Le 24 juin, près de 2.000 clandestins originaires en majorité du Soudan avaient tenté de franchir la frontière séparant le Maroc de l’enclave de Melilla. Ce drame, le plus meurtrier jamais enregistré lors d’une des nombreuses tentatives d’intrusion de migrants à Melilla et dans l’enclave espagnole voisine de Ceuta, avait suscité de vives critiques de la part des associations de défense des droits humains, mais aussi de l’ONU et de l’Union africaine.

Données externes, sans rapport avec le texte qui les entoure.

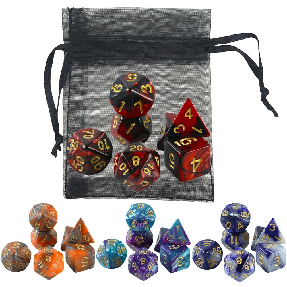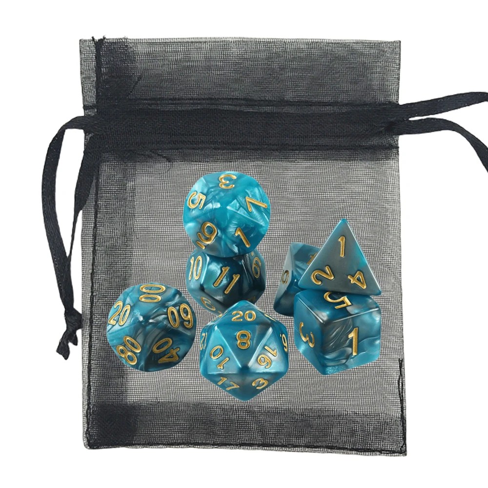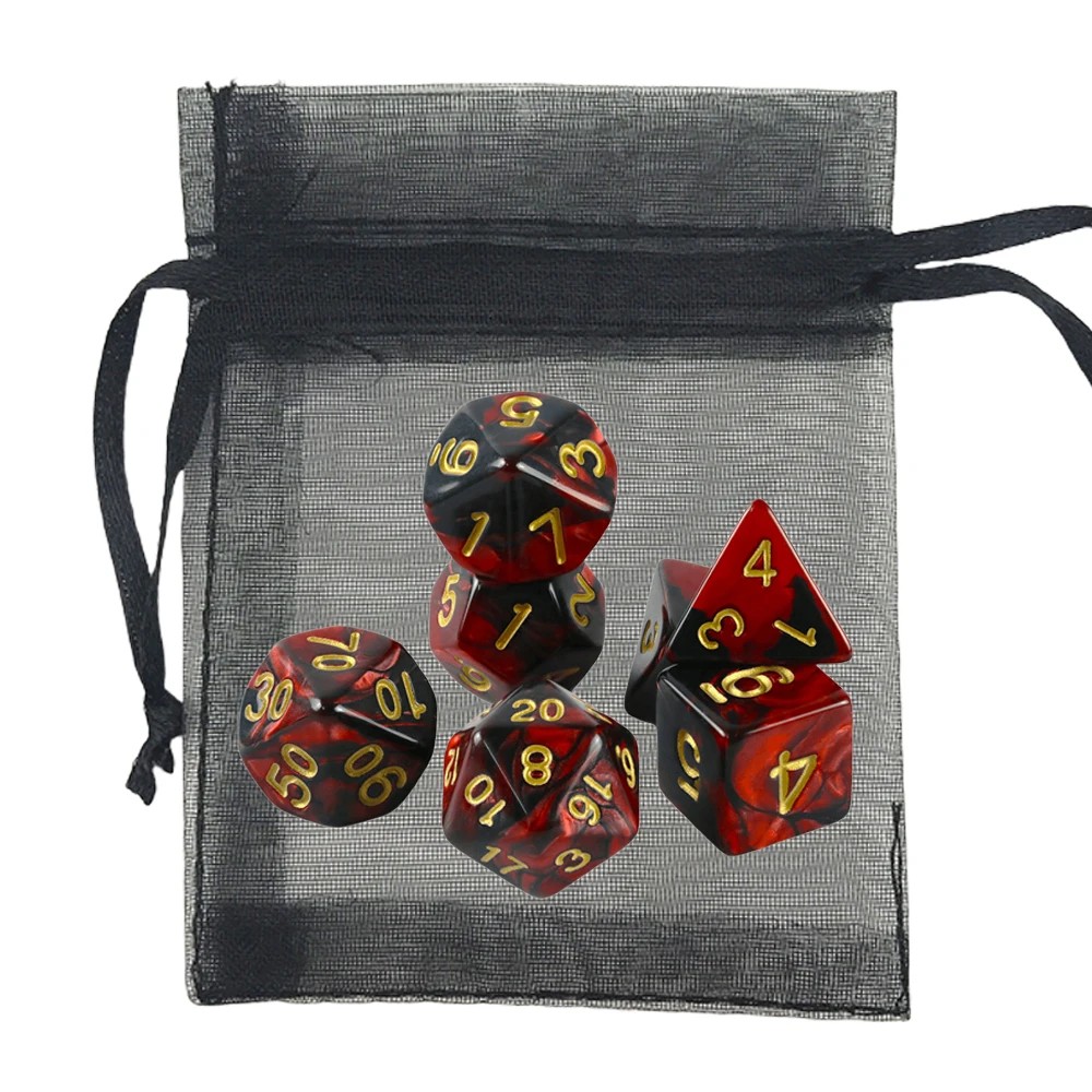 Hrací kostky 7 ks a pytlíček Mnohostěnné RPG kostky z akrylu pro Dračí doupě DnD Stolní fantasy hry

Cette tentative d’intrusion, précédée de violents heurts entre migrants et forces marocaines dans des campements clandestins installés aux alentours de Nador, avait fait 23 morts selon les autorités marocaines – 27 d’après l’AMDH, principale association indépendante de défense des droits humains au Maroc. Mais des experts indépendants, nommés par le Conseil des droits de l’homme de l’ONU, ont évoqué lundi dernier un bilan d’au moins 37 morts.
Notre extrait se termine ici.